Cursor based pagination with Spring Boot and MongoDB

Say goodbye to offset pagination with few lines of code

Davide Pedone
6 min readNov 23, 2020
Photo by Pixabay on Pexels

According to Facebook “Cursor-based pagination is the most efficient method of paging and should always be used where possible”. I’m gonna have a quick look into how to use it in your Spring Boot based application.

Building a RESTful Web Service is quite easy with Spring Boot, all we have to do is map entities, create a repository and a controller. If the repository extends PagingAndSortingRepository, as MongoRepository does, Spring Data REST recognises some URL parameters that will influence the page size and starting page number. Let’s write some code and see what happens.
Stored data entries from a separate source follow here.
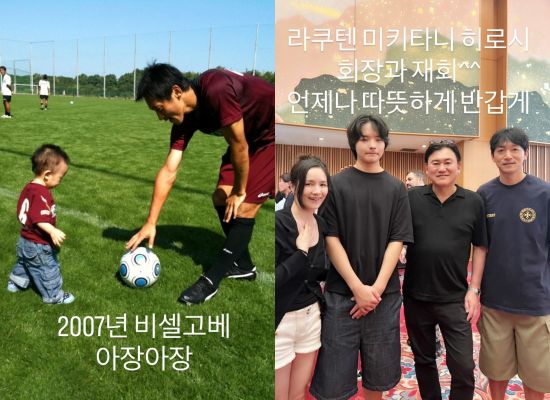 김남일 김보민 부부의 아들 서우 군의 폭풍 성장 근황이 공개됐다. 김보민은 5일 자신의 계정에 "비셀 고베 창단 30주년 레전드 매치! 2007-2025년까지 이어진 우리의 축구 이야기~ 그때 우린 젊었고, 아들은 어렸었구나~~"라는 글과 함께 여러 장의 사진을 게재했다. 사진 속에는 김남일이 과거 일본 J리그 비셀 고베에서 뛰었을 당시의 김남일, 김보민
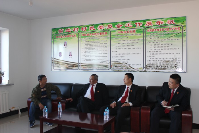 在前进村,法官们与前进村村长赵明君围绕土地确权、土地征收、农村土地承包经营合同等与群众生活息息相关的法律知识进行探讨,同时热心、耐心、细心地向群众讲解与生产生活相关的法律常识,引导他们遇事找法,解决问题靠法,运用法律武器维护自身的权益。
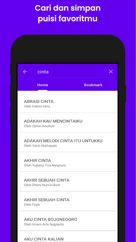 Cari puisi dan simpan ke dalam daftar bookmark untuk membuat kumpulan puisi yang disukai atau ingin dibaca nanti.
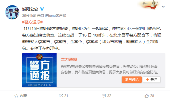 法制晚报?看法新闻 据@城阳公安官方微博发布消息,11月15日城阳警方接报警,城阳区发生一起命案,仲村某小区一家四口被杀害。警方经过缜密侦查、连续奋战,于16日18时许,在北京昌平警方配合下,将犯罪嫌疑人李某吉、李某植、金某今、李某华(均为吉林籍,朝鲜族人)全部抓获。案件正在办理中。
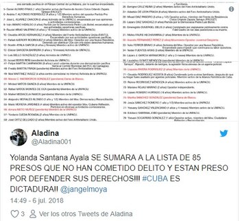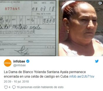 Junto a Santana Ayala, tres damas de blanco más cumplen prisión o están encarceladas a espera de una sanción, todas, por motivaciones políticas.
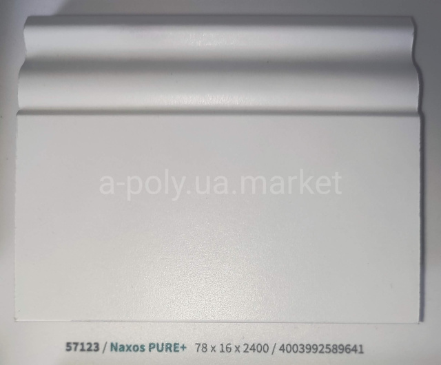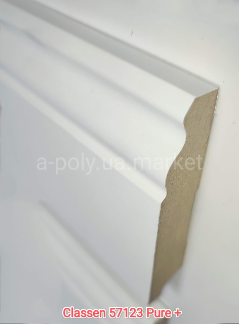 Плінтус МДФ CLASSEN Naxos Pure+ Білий 57123 висота 78 мм товщина 16 мм довжина 2400 мм. Продаж плінтуса кратно планці (мінімальне замовлення 5 шт. або 12 м.п.)
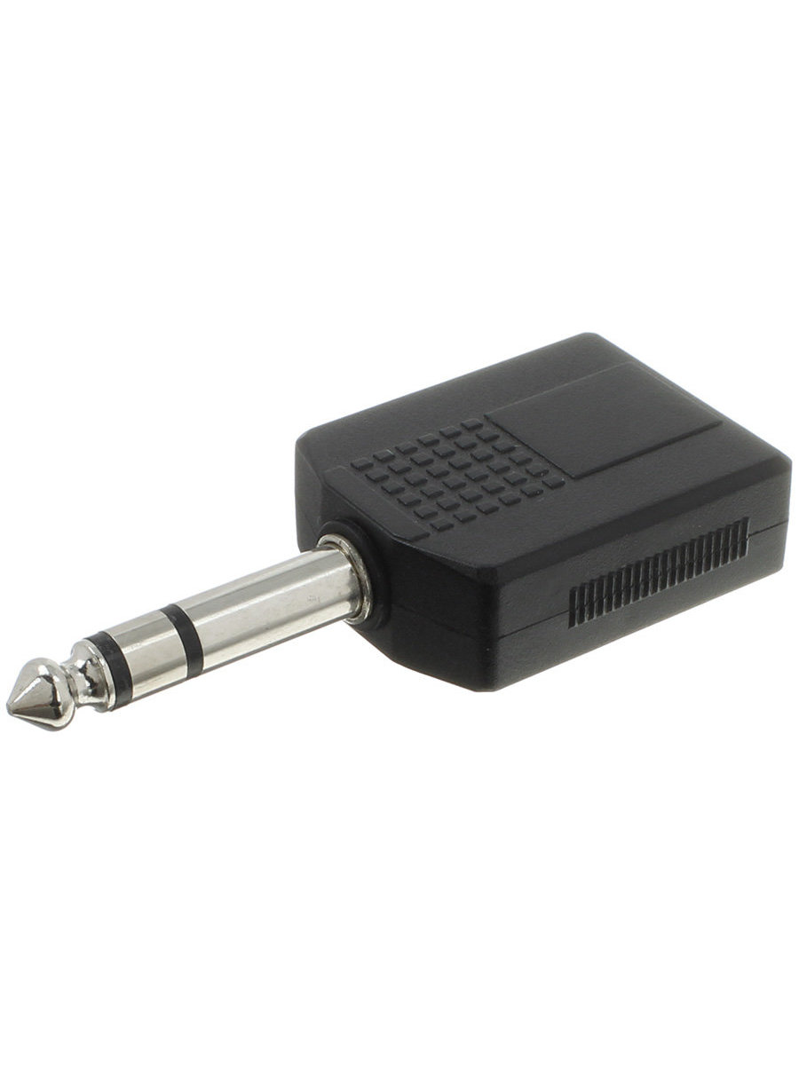 ПЕРЕХОДНИК штекер 6.3мм стерео - 2 гнезда 6.3мм стерео (металл), предназначен для передачи аналогового стерео аудиосигнала идущего от кабеля на аудиооборудование.
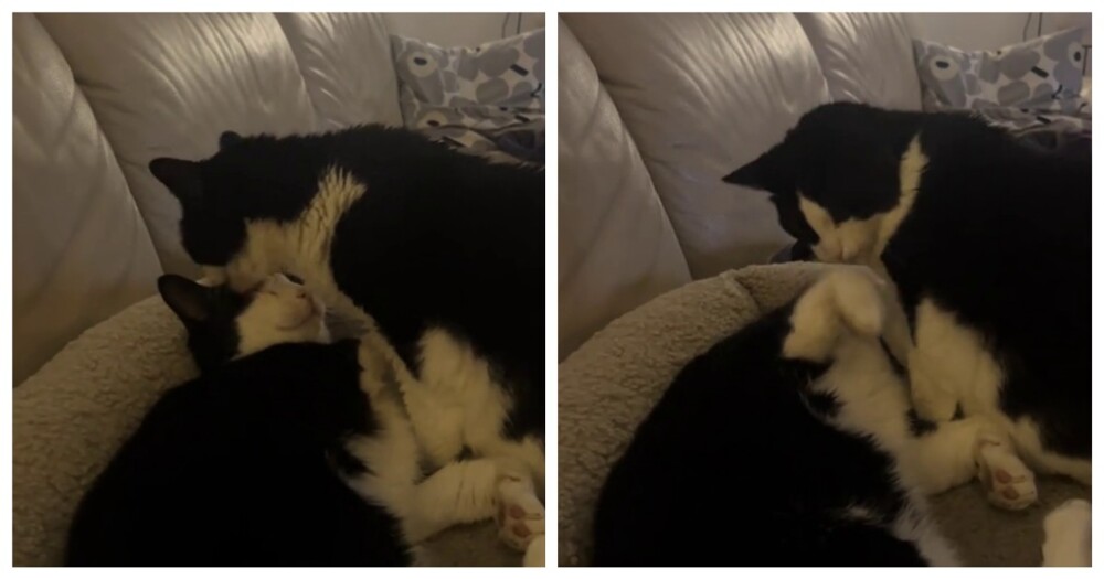 Хозяйка кошачьего семейства запечатлела милый момент. 20-летняя кошка ухаживала за своим 2-летним внуком.

Define an Entity, a Repository and a simple Controller:

@Data
@Document(collection = "tweets")
public class Tweet {
private ObjectId id;
private String author;
private String content;
private Long createdAt;
}
public interface TweetRepository extends MongoRepository<Tweet, ObjectId> {
}
@GetMapping(value = "/paged")
public Page<Tweet> getPaged(Pageable pageable) {
return tweetRepository.findAll(pageable);
}

Now a GET request like these http://myapi.com/tweets?size=10&page=1 will be translated by Spring in the following query against the database:

db.tweets.find().skip(10).limit(10); to retrieve the result and:

db.tweets.count(); to retrieve pagination metadata, such as total elements and total page numbers.

This approach works fine for most use cases but there are some caveats you should be aware of.

  • missing elements: if the dataset changes during page navigation you could miss some element. Deleting an element in a delivered page will shift elements of the next page up
  • result set scan: as reported by MongoDB documentation the cursor.skip() method requires the server to scan from the beginning of the input results set before beginning to return results. As the offset increases, cursor.skip() will become slower.
  • count: counting all elements has an impact on performance

A better approach: cursor based pagination (a.k.a. range queries)

Imagine a cursor as a bookmark to a document in the database. When we ask the server for the first page of data, we of course get the data, as well as an additional information about this bookmark. Passing the bookmark in the next query allows the server to simply continue where he left off in the previous request.

Range queries can use indexes to avoid scanning unwanted documents, typically yielding better performance as the offset grows compared to using cursor.skip() for pagination.

Choosing the “bookmark”

Again, MongoDB documentation comes to the aid:

Use this procedure to implement pagination with range queries:

Choose a field such as _id which generally changes in a consistent direction over time and has a unique index to prevent duplicate values

Query for documents whose field is less (or more) than the start value using the $lt (or $gt) and cursor.sort() operators

Store the last-seen field value for the next query.

Ok, we know that _id is unique and sortable so we can use this field as a bookmark (from now on continuationToken). Really? Maybe not.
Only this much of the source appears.